Saturation occurs significantly sooner for NU-2100,²² which has a record high initial binding enthalpy of −32 kJ mol⁻¹, sharply dropping to −6.3 kJ mol⁻¹ at just 0.25 mmol H₂ per g (see Fig. 3, orange line). This results in an average binding enthalpy of just −9.2 kJ mol⁻¹ across the 0.01–3.00 mmol H₂ per g range. Thus, the average binding enthalpy is just 1.1 kJ mol⁻¹ more favourable than that of CALF-20. Such a slight difference in average binding enthalpy indicates CALF-20 is competitive with world-leading MOFs on this metric. Ideally, a MOF material will be developed in which the average binding enthalpy is between −15 and −25 kJ mol⁻¹ across the loading range of 0.01–6.50 mmol H₂ per g.

This analysis can be extended further by examining the cost of the MOF material associated with its average binding enthalpy, i.e. examining the price performance ratio. CALF-20 has the lowest cost of all MOFs examined at just USD$ 29 per kg, whilst NU-2100 has the highest cost at USD$ 139 per kg (see ESI†). The price performance ratio of CALF-20 is approximately 4.2 times better than NU-2100, indicating superior cost-effectiveness and efficiency in applications where high performance is needed.

Ambient temperature (298 K) reveals a significant drop in the quantity of H₂ adsorbed with a total uptake of 0.69 g L⁻¹ at 1 bar, highlighting the challenges faced with near-ambient temperature hydrogen storage.

MOFs developed for near-ambient temperature storage, which all employ open metal sites, have the following total capacities; 7.2 g L⁻¹ for Cu₂(BBTA),²² 10.7 g L⁻¹ for V₂Cl_2.8(bttd)²¹ and 11.9 g L⁻¹ for Ni₂(m-dobdc)³⁶ at 298 K and 100 bar.

The binding enthalpy of −7.9 kJ mol⁻¹ for CALF-20 is not ideal for near-ambient hydrogen storage. However, we still opted to explore its hydrogen storage capabilities between 1 and 75 bar and 273 K and 323 K, given its cost-effectiveness, scalability and robustness. At room temperature CALF-20 can uptake 4.2 g L⁻¹ of hydrogen at 73 bar (Fig. 4). Using a fit of this uptake, an extrapolated value of 5.8 g L⁻¹ would be achieved at 100 bar. Its gravimetric uptake is 0.36 wt% under these conditions. It is apparent that CALF-20 has a rather low gravimetric uptake at 298 K and 100 bar, but its volumetric uptake is considerable. This may be considered favourable given the space constraints for on-board vehicular storage.^36,38,39

Fig. 4 High pressure hydrogen isotherms for CALF-20 obtained at near-ambient temperatures. Volumetric uptake is based on a crystallographic density of 1.60 g cm⁻³.

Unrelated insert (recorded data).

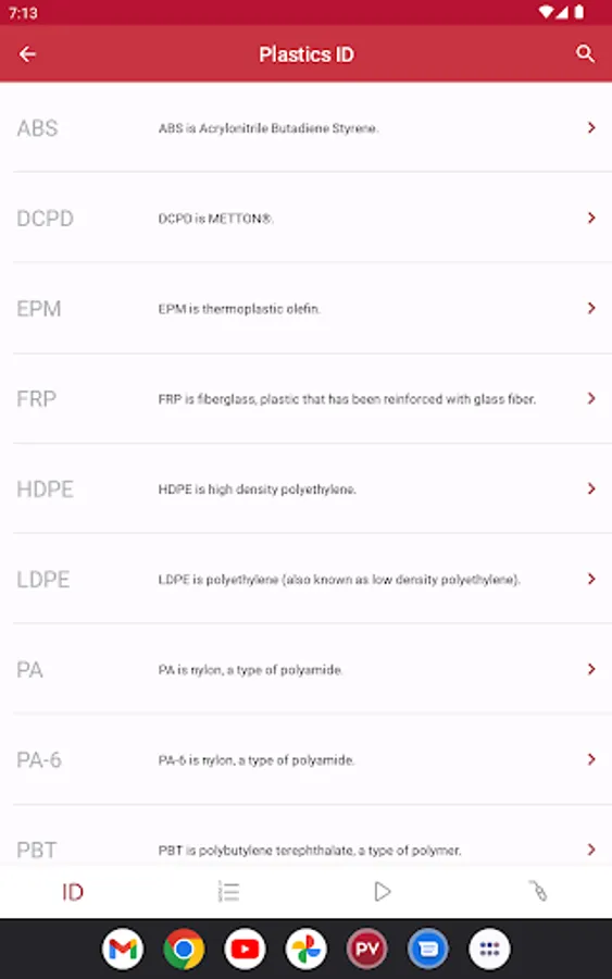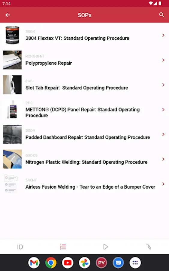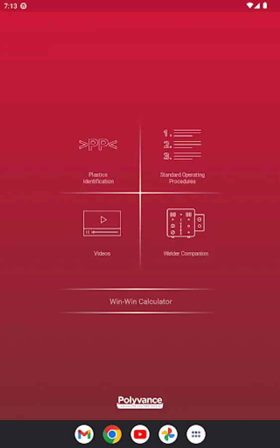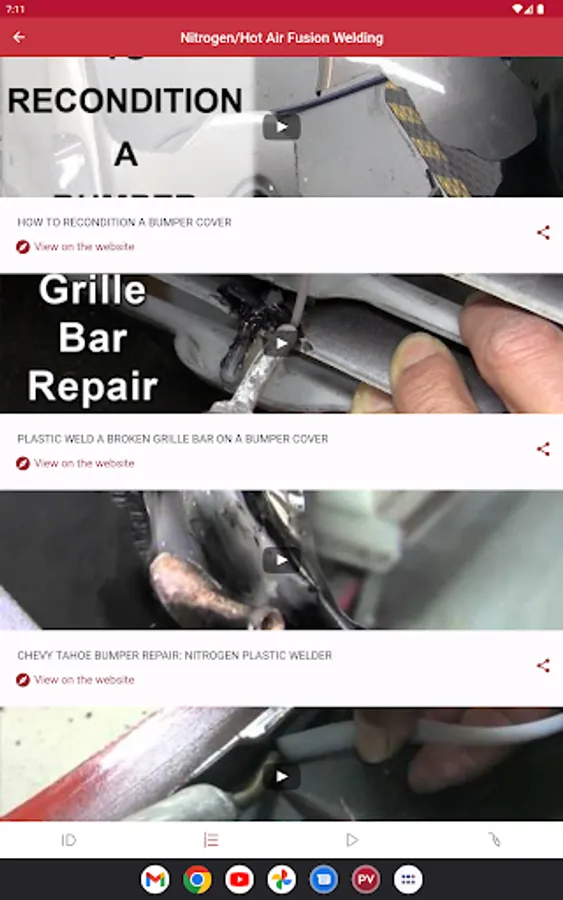 This app helps you identify and repair plastics. There are four main sections of the app: Plastics Identification, Standard Operating Procedures, Videos, and Welder Companion.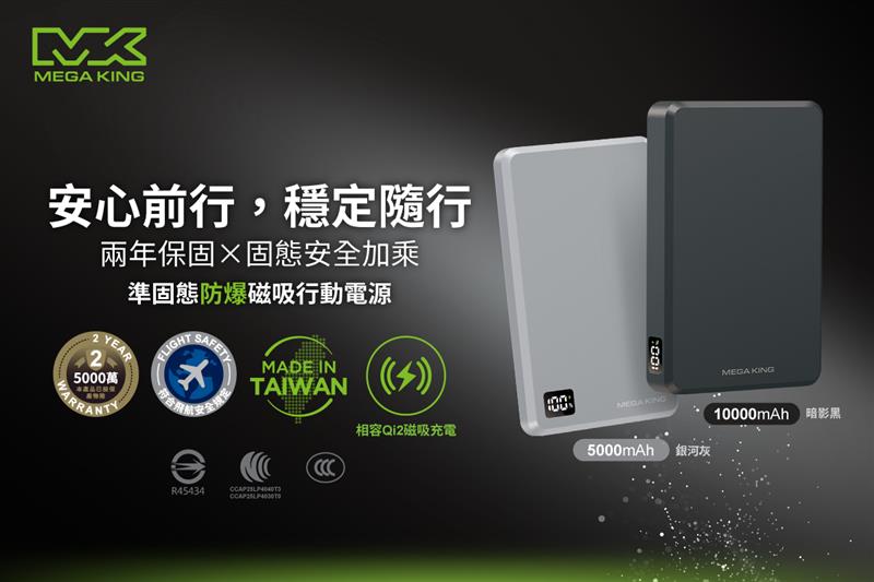 【MEGA KING】10000mAh準固態防爆磁吸行動電源(黑色)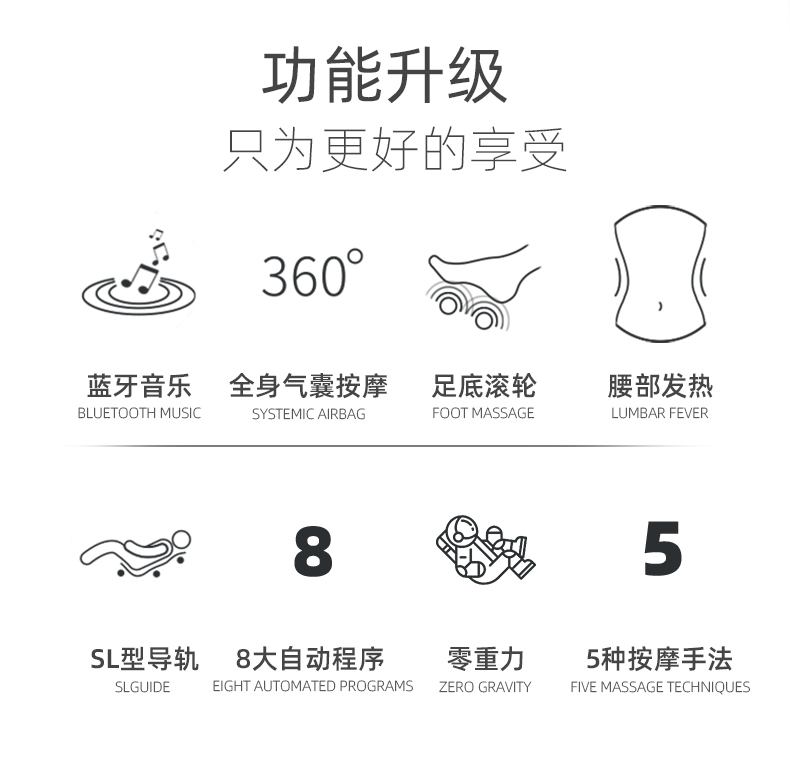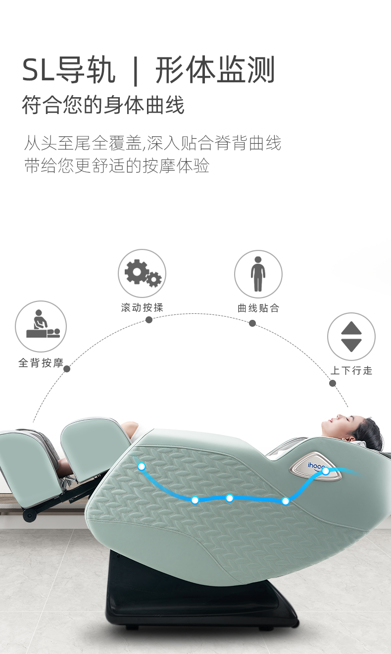SL型导轨则是导轨中最高级的形式,导轨长度长长,按摩区间能覆盖颈背腰臀,向下最低可达大腿根部,并且通过 S型变轨,贴合人体背部曲线 。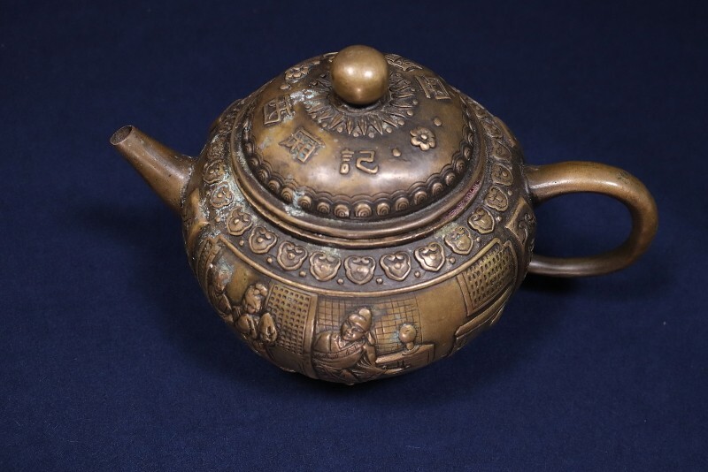 - 11045■ 茶壷 西廂記 大清乾隆年製 金属製 中国茶 中国茶器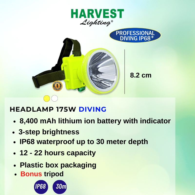 175W Headlamp Professional Diving merek HARVEST LIGHTING, menjadi andalan bagi penggemar olah raga atau kegiatan outdoor, seperti: - Kegiatan menyelam / Diving dengan IP68 (bisa bertahan sampai dengan kedalaman 30 meter) - Pelengkap kerja bagi Teknisi bengkel/AC/kontraktor/Penambang, dll. - Peralatan penting untuk aktivitas Camping/travelling atau kegiatan outdoor lainnya, - Membantu aktivitas Nelayan atau pencari ikan/kodok, dll. - Membantu aktivitas Petani untuk kegiatan di sawah/ladang/rawa-rawa - Lain-lain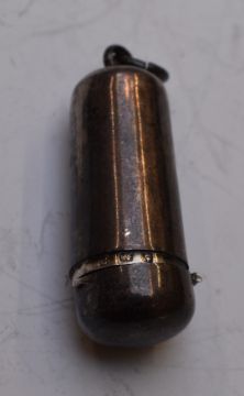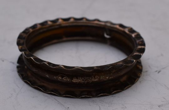 Four various hallmarked silver napkin rings, two white metal shot measures marked 830, Charles Horner hallmarked silver thimble and a hallmarked silver case, weight of all items 143g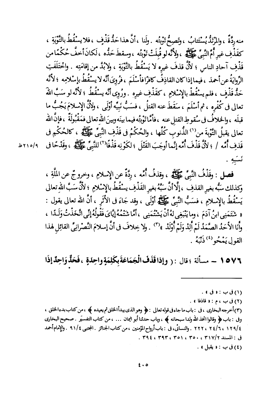 فصل: وقَذْفُ النَّبِيِّ -صلى اللَّه عليه وسلم-، وقذفُ أُمِّه، رِدَّةٌ عن الإِسلامِ، وخروجٌ عن الملَّةِ، وكذلك سَبُّه بغيرِ القذفِ، إِلَّا أنَّ سَبَّهُ بغيرِ القَذْفِ يسْقُطُ بالإِسْلامِ؛ لأنَّ سَبَّ اللهِ تعالى يَسْقُطُ بالإِسلامِ، فسَبُّ النَّبِيِّ -صلى اللَّه عليه وسلم- أوْلَى، وقد جَاءَ في الأَثَرِ، أنَّ اللَّه تعالى يقول: "شَتَمَنِى ابنُ آدَمَ، وما يَنْبَغِى لهُ أنْ يَشْتُمَنِى، أمَّا شَتْمُهُ إيَّاىَ فَقْولُهُ إنِّي اتَّخَذْتُ وَلَدًا، وأَنَا الأحَدُ الصَّمَدُ لَمْ أَلِدْ وَلَمْ أُوْلَدْ" (٣). ولا خِلافَ في أنَّ إسلامَ النَّصْرانِىِّ القائِلِ لهذا القولِ يَمْحُو (٤) ذَنْبَهُ.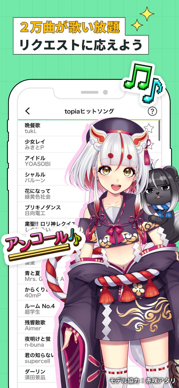 topiaは、毎日2000人以上の個性あふれるVライバーたちが歌配信しているスマートフォンアプリです。Vライバーとリスナー(視聴者)が、コメントやコラボ通話、歌のリクエストを通じて、ゼロ距離のコミュニケーションを一緒に楽しめます。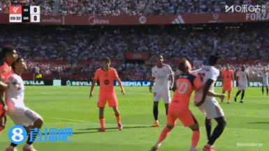 塞维利亚第二个进球前巴萨声称孔德被犯规的拼抢↓

In real-world scenarios, working capacities are likely to be more important than total adsorption.⁴⁰ The US DOE system targets have specified a desire for a minimum working pressure of 5 bar within the operating conditions of −50 C to +50 C.²⁵ This opens the possibility of temperature–pressure swing adsorption. With grand canonical Monte calculations (GCMC) (see ESI†) it is possible to determine the uptake under this scenario (see Fig. S3†). An on-board hydrogen storage device filled with MOF is likely to operate between a full state at 100 bar and 223 K and an empty state at 5 bar and 323 K. Under such conditions CALF-20 would have a working capacity of 10.5 g L⁻¹. This is well below the US DOE system target of 50 g L⁻¹, but slightly better than a conventional hydrogen tank under the same conditions.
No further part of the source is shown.